That's a decent speed up on top of already accelerated code. (The [Efficient Matrix Transpose](https://devblogs.nvidia.com/parallelforall/efficient-matrix-transpose-cuda-cc/) blog post demonstrates a method to achieve an even higher speedup by having a thread in the block be responsible for multiple entries in a tile, which reduces the cost of indexing.)

## Assessment

The following exercise will require you to utilize everything you've learned so far. Unlike previous exercises, there will not be any solution code available to you, and, there are a couple additional steps you will need to take to "run the assessment" and get a score for your attempt(s). **Please read the directions carefully before beginning your work to ensure the best chance at successfully completing the assessment.**

### How to Run the Assessment

Take the following steps to complete this assessment:

1. Using the instructions that follow, work on the cells below as you usually would for an exercise.
2. When you are satisfied with your work, follow the instructions below to copy and paste code in into linked source code files. Be sure to save the files after you paste your work.
3. Return to the browser tab you used to launch this notebook, and click on the **"Assess"** button. After a few seconds a score will be generated along with a helpful message.

You are welcome to click on the **Assess** button as many times as you like, so feel free if you don't pass the first time to make additional modifications to your code and repeat steps 1 through 3. Good luck!

![Run the assessment](images/run_assess_task.png)

### Matrix Multiply with Shared Memory

In this exercise you will complete a matrix mulitply kernel that will use shared memory to cache values from the input matrices so that they only need be accessed from global memory once, after which calculations for a thread's output element can utilize the cached values.This purpose of this assessment is to test your ability to reason about a 2D parallel problem and utilize shared memory. This particular problem doesn't have a ton of arithmetic intensity,  and we are not going to use a huge dataset so we will likely not see big speedups vs. the very simple CPU version. However, the ability to use the techniques asked of you will provide you ability in a wide number of situations where you will genuinely wish to accelerate some program involving a 2D dataset.

To keep the focus on shared memory, this problem assumes input vectors of MxN and NxM dimensions with NxN threads per block and M/N blocks per grid. This means that shared memory caches with elements equal to the number of threads per block will be sufficient to provide all elements from the input matrices necessary for the calculations, and that no grid striding will be required.

The following images shows the input matrices, the output matrix, a region of the output matrix that a block will calculate values for, the regions in the input matrices that this block will cache, and also, the output element and input elements for a single thread in that block:

![matrix multiply diagram](images/mm_image.png)

The shared memory caches have already been allocated in the kernel, your task is twofold:
1. Use each thread in the block to populate one element in each of the caches.
2. Use the shared memory caches in calculating each thread's `sum` value.

Be sure to do any thread synchronizing that might be required to avoid cached values written by other threads not yet being available.

### Tips to Assist Your Work

**Think Through the Spatial Challenges Before Coding**

The spatial reasoning required for this problem is difficult. You will need to consider thread and block configurations, shared memory reads and writes, and all in the context of a 2D data set that requires transposition. While this isn't directly concerned with the CUDA programming syntax, it is the kind of problem that can help you become a powerful parallel programmer. Please consider spending time drawing out the problem and your solution on paper before actually trying to write code.

**Dealing With GPU Errors**

For problems with challenging memory access patterns, like this one, it is common to make mistakes.

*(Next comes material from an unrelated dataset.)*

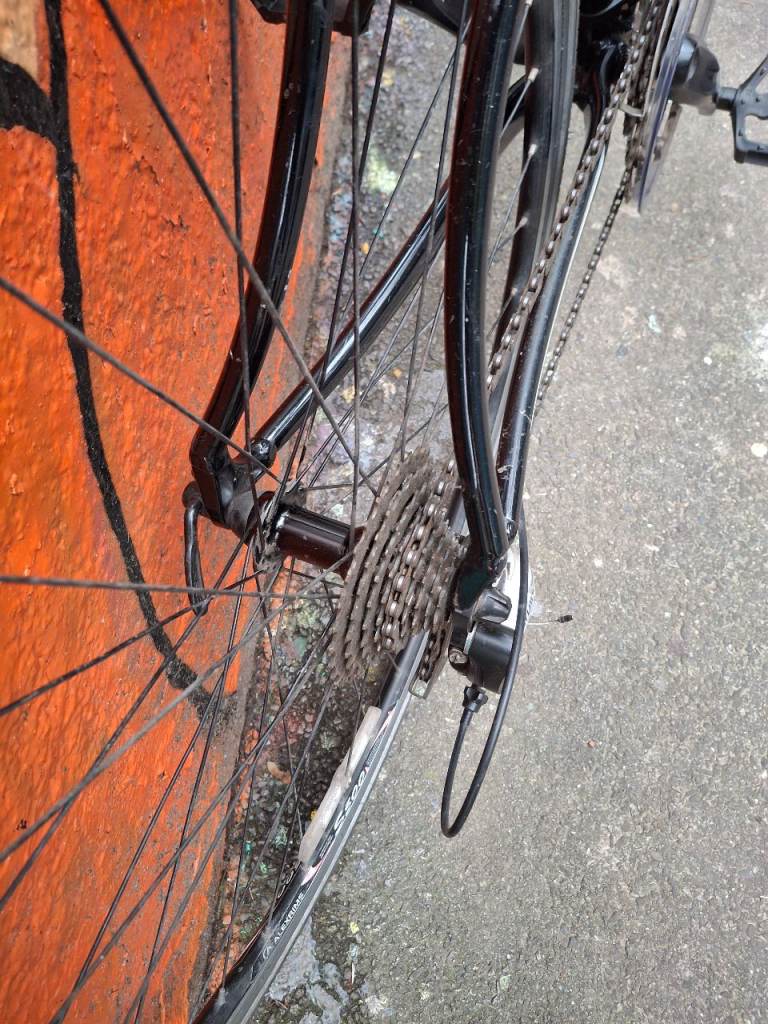 The bike is used but good general condition witha few scuffs and scrapes but fully working, an excellent ride, lightweight and smooth, ready to ride away, needs nothing doing to it. It has no extras (rack, mudguards stand etc) to keep it as lightweight as possible, it is a good fast bike to ride, tyres are 28c great for general road riding.

Techniques for digging into errors on the GPU are covered in the section 2 appendix, but you may not have had time to digest them yet, so here are a couple points to help you.

* Because we are working out of a Jupyter environment. If you get an error in your CUDA code, you may need to restart the Jupyter kernel. You can do this at any time by using the *Kernel* menu above and selecting *Restart*. This will clear local memory, so you will need to rerun import and code definition files after doing so.
* If you get an `UNKNOWN_CUDA_ERROR` it is likely an issue with memory access. Restart the Jupyter kernel, and think through where your code may be making out of range memory accesses.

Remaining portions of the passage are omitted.